> _Directions_
Set down each record that follows exactly. Drop the images.

> _Records for this exercise_

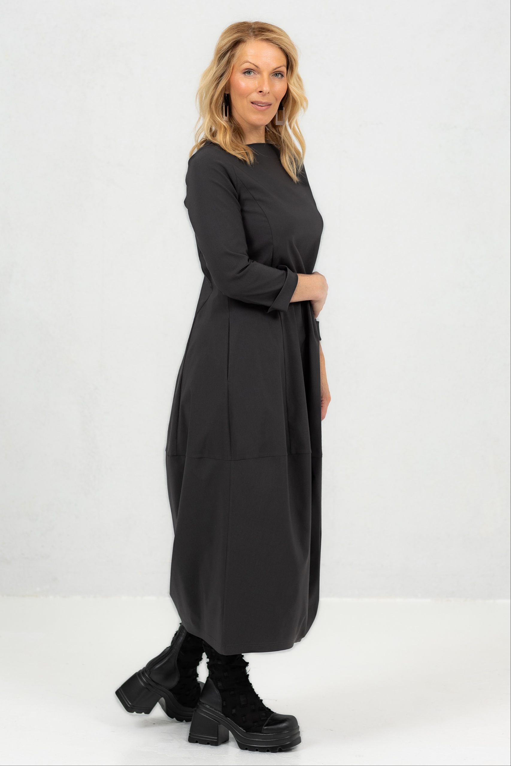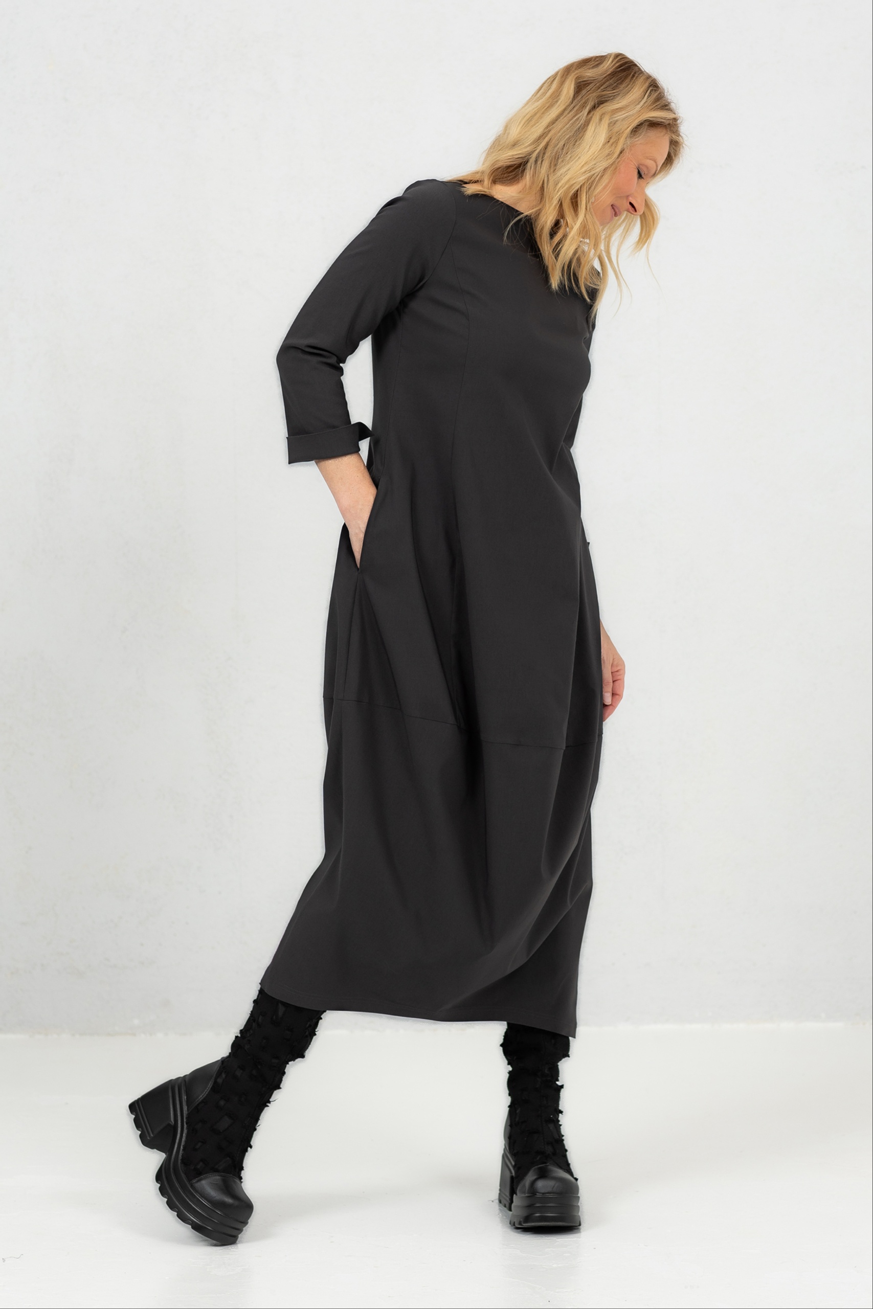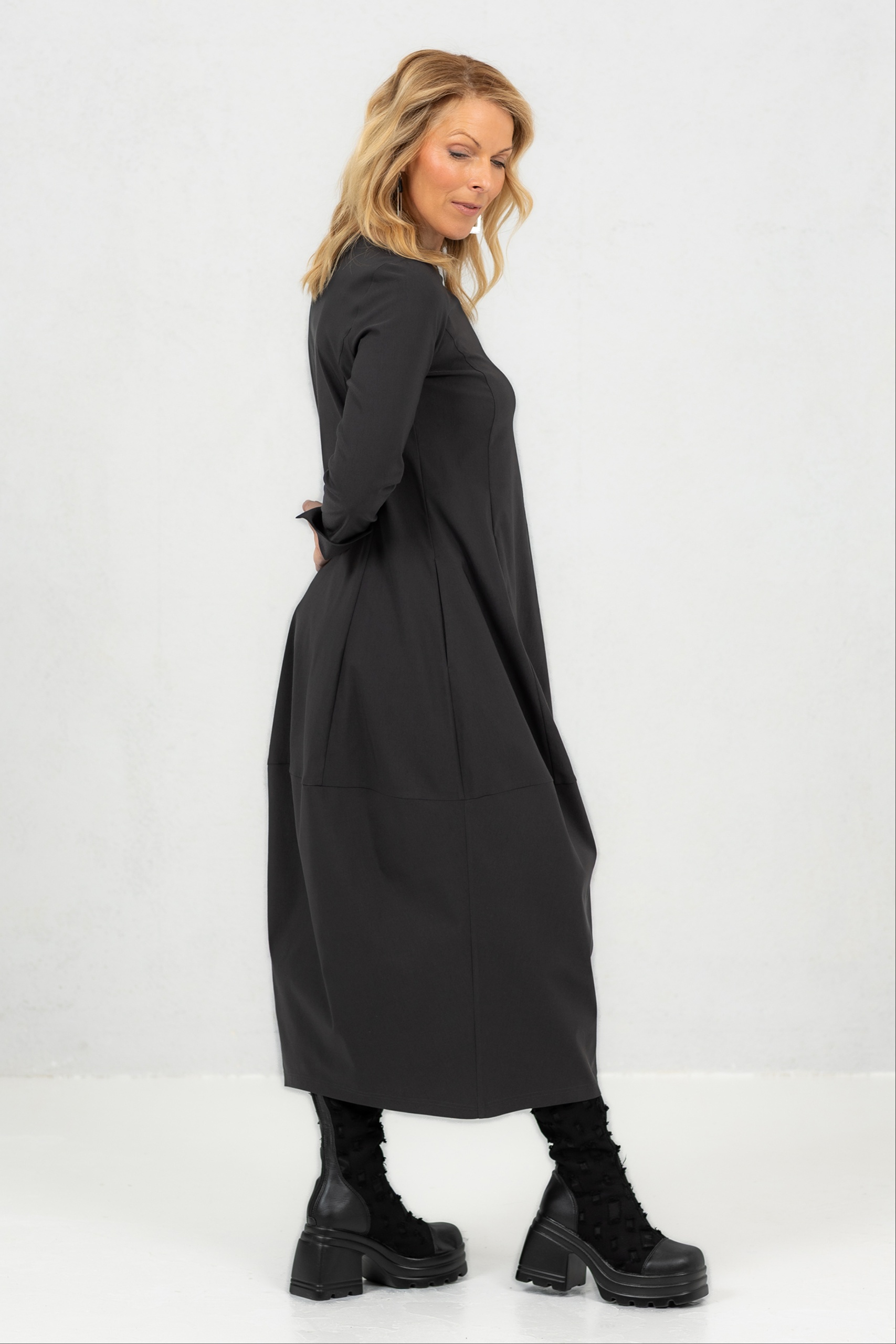 Akarui kleit on elegantsi ja mugavuse täiuslik kooskõla. See kleit on valmistatud viskooskangast, mis tagab suurepärase kandmismugavuse ja hoiab kauni kuju terve päeva. Kaasaegne balloonkleit on disainitud silmas pidades ajatut moekust, stiili ning liikumisvabadust. Kleidi minimalistlik ja läbimõeldud disain rõhutab kandja figuuri. Midi pikkus sobib ideaalselt nii kontorisse kui ka pidulikumateks sündmusteks, muutes selle garderoobi mitmekülgseks täienduseks. Kombineeri kleit kontrastsete aksessuaaridega või jäta look minimalistlikuks, et kleit saaks tõeliselt särada. See on ideaalne valik moeteadlikule ja erilist stiili armastavale naisele.
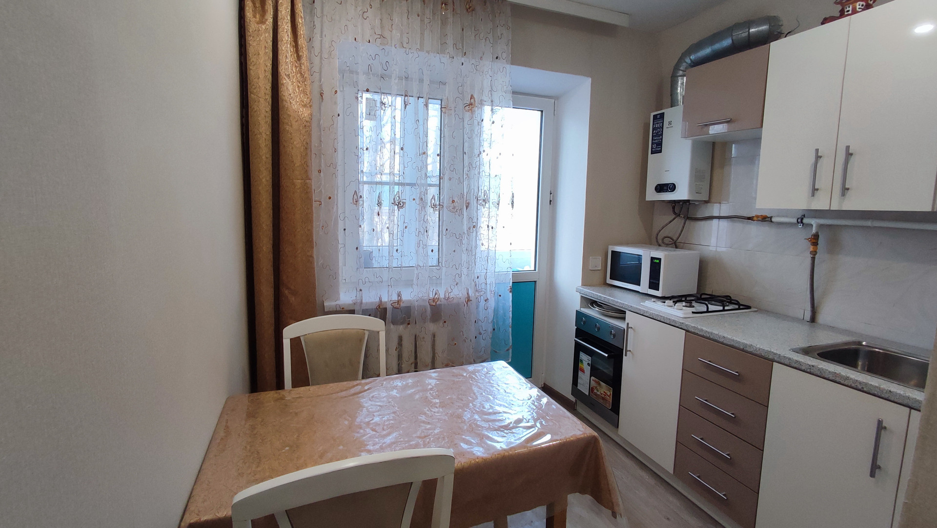 Квартира с капитальным ремонтом, полностью заменена проводка, выполнена штукатурка стен, заменены трубы, установлена новая колонка, счетчики и сейфовая дверь все окна металлопластиковые, натяжные потолки, балкон облагорожен.
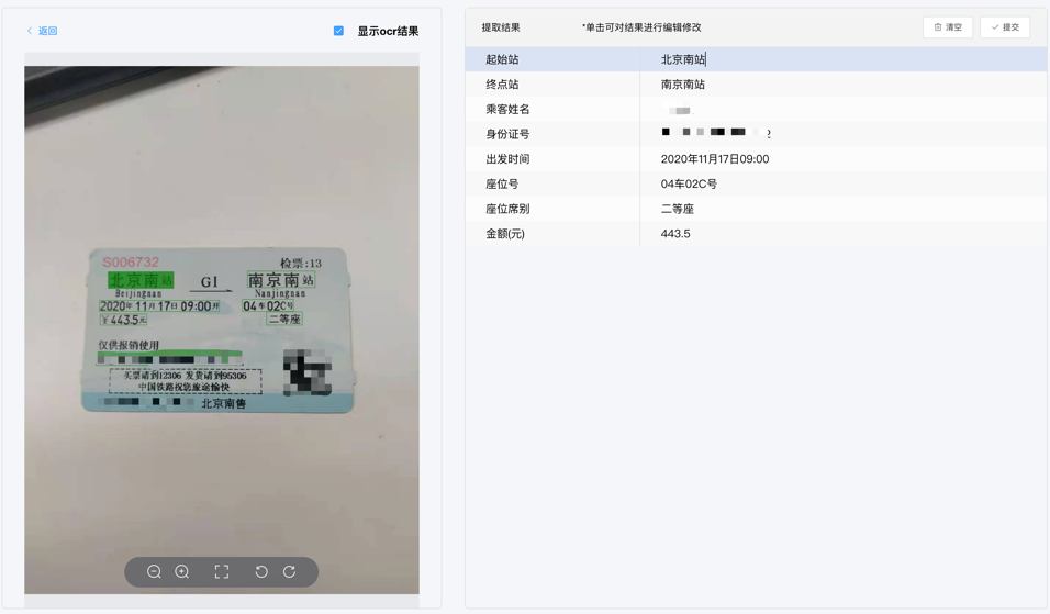 平台基于财税场景提供多种识别模板,实现对各类税务发票、交通票据等的自动识别和录入,应用于企业税务核算及内部报销等场景,实现财税报销的自动化。
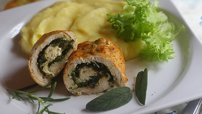 Plátky masa lehce naklepeme, osolíme, opepříme a potřeme bylinkovou směsí.
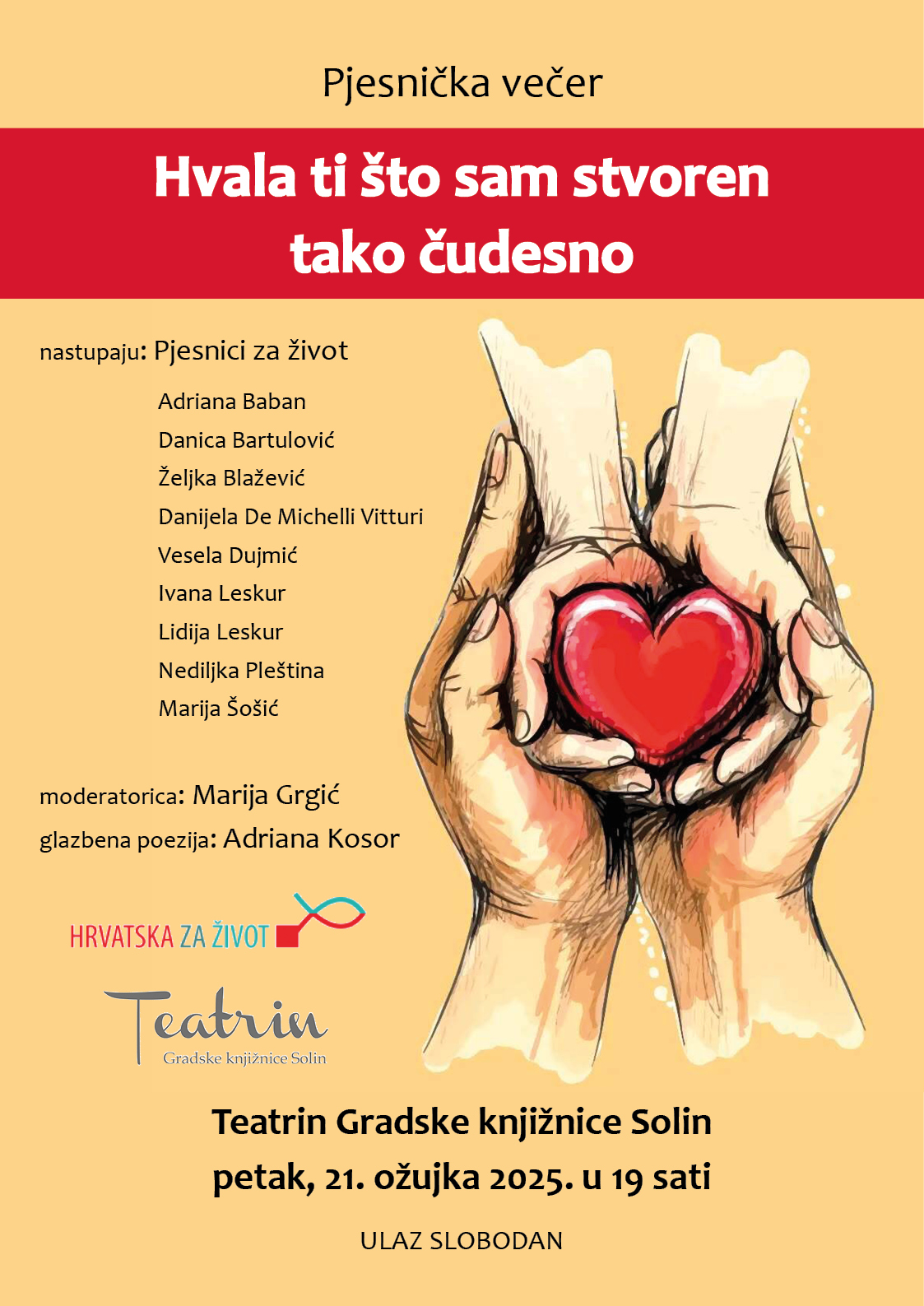 U Teatrinu Gradske knjižnice Solin u petak 21. ožujka u 19h Pjesnici za život organiziraju poetsku večer pod imenom ”Hvala ti što sam stvoren tako čudesno”.
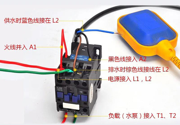 使用藍色和棕色的電線:浮球在上液位時,接點是不通的狀態(tài)。浮球在下液位時,接點是接通的狀態(tài)。
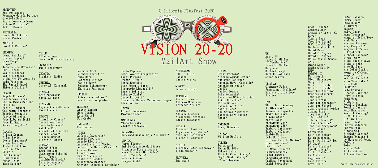 Participants who submitted work for the Vision 20-20 MailArt Show

> _Solution_
 Akarui kleit on elegantsi ja mugavuse täiuslik kooskõla. See kleit on valmistatud viskooskangast, mis tagab suurepärase kandmismugavuse ja hoiab kauni kuju terve päeva. Kaasaegne balloonkleit on disainitud silmas pidades ajatut moekust, stiili ning liikumisvabadust. Kleidi minimalistlik ja läbimõeldud disain rõhutab kandja figuuri. Midi pikkus sobib ideaalselt nii kontorisse kui ka pidulikumateks sündmusteks, muutes selle garderoobi mitmekülgseks täienduseks. Kombineeri kleit kontrastsete aksessuaaridega või jäta look minimalistlikuks, et kleit saaks tõeliselt särada. See on ideaalne valik moeteadlikule ja erilist stiili armastavale naisele.
 Квартира с капитальным ремонтом, полностью заменена проводка, выполнена штукатурка стен, заменены трубы, установлена новая колонка, счетчики и сейфовая дверь все окна металлопластиковые, натяжные потолки, балкон облагорожен.
 平台基于财税场景提供多种识别模板,实现对各类税务发票、交通票据等的自动识别和录入,应用于企业税务核算及内部报销等场景,实现财税报销的自动化。
 Plátky masa lehce naklepeme, osolíme, opepříme a potřeme bylinkovou směsí.
 U Teatrinu Gradske knjižnice Solin u petak 21. ožujka u 19h Pjesnici za život organiziraju poetsku večer pod imenom ”Hvala ti što sam stvoren tako čudesno”.
 使用藍色和棕色的電線:浮球在上液位時,接點是不通的狀態(tài)。浮球在下液位時,接點是接通的狀態(tài)。
 Participants who submitted work for the Vision 20-20 MailArt Show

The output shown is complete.